Los Chamos were a Venezuelan boy band formed in Caracas in 1981 to rival Menudo's success. Los Chamos were made up of six members and released their first album, Los Chamos-El Soldadito, sponsored by channel 8 of Venezuelan National TV.

== Albums ==
In 1982, they released their second album called Siempre Te Amaré, which spanned the international hit “Canta Chamo”. That album went Gold and Platinum in many Latin American countries. That hit led them to sing at Mexico's Estadio Azteca, among other big venues in Latin America.

In 1983 they released a third hit album called Tú Como Yo, produced by famous singer and composer Rudy LaScala.

That same year Los Chamos released a blockbuster movie called Secuestro En Acapulco-Canta Chamo, alongside famous actresses Yuri (who is also a singer), and La Chilindrina.

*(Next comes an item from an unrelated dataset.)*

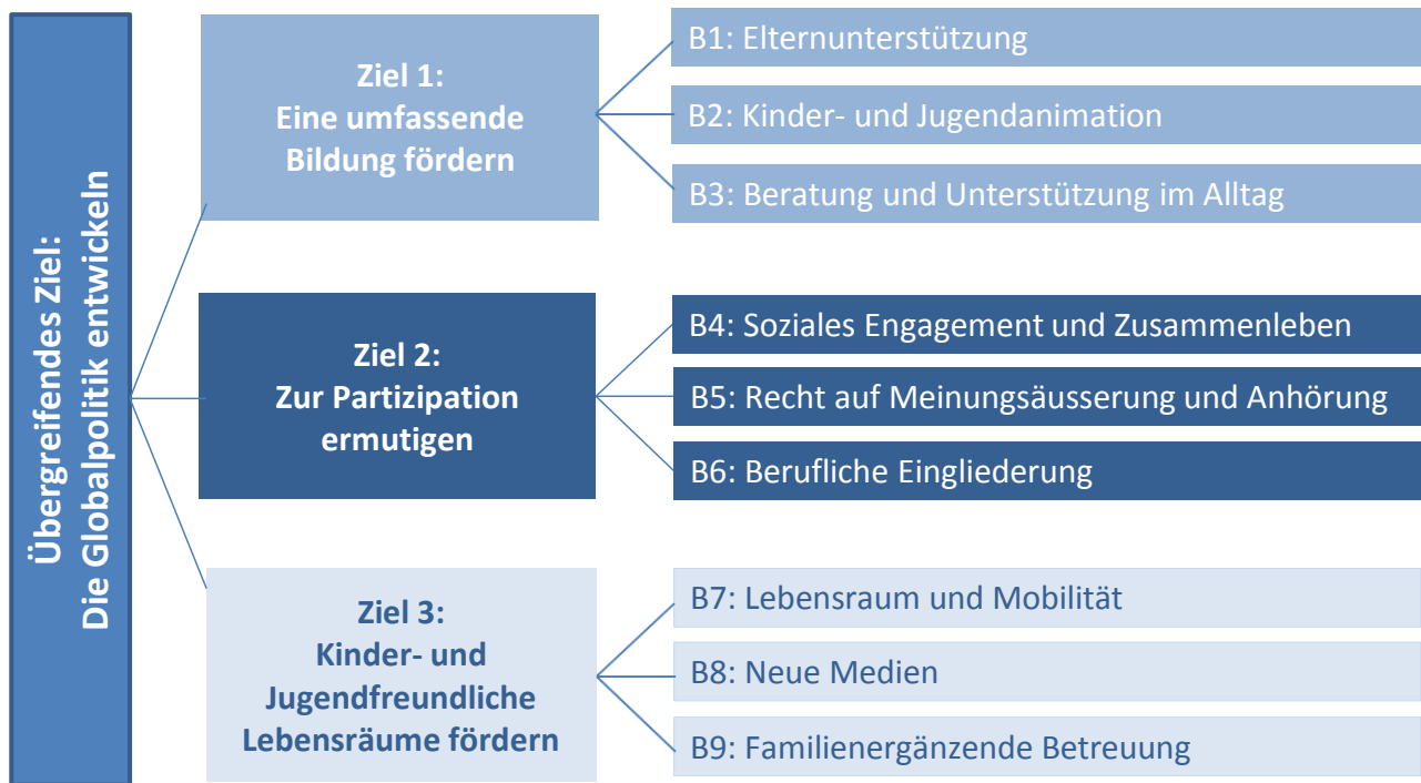
Abbildung 1: Ziele und Handlungsbereiche der kantonalen Kinder- und Jugendpolitik

== Later history and dissolvement ==
Los Chamos went on tour for many years through Mexico, the United States, Puerto Rico, the Dominican Republic, Central America, Panama, Colombia, Ecuador, Peru, etc. After that huge success, four group members alleged poor working conditions and left to pursue other musical endeavors. Four more boys were brought in to form Los Chamos' line up, and another album was released. The sudden, drastic line up change and new album weren't as positively received by the public, and Los Chamos dissolved soon after. They tried their hand at a fifth release in 1990, with six new members, and after that, Los Chamos officially called it quits.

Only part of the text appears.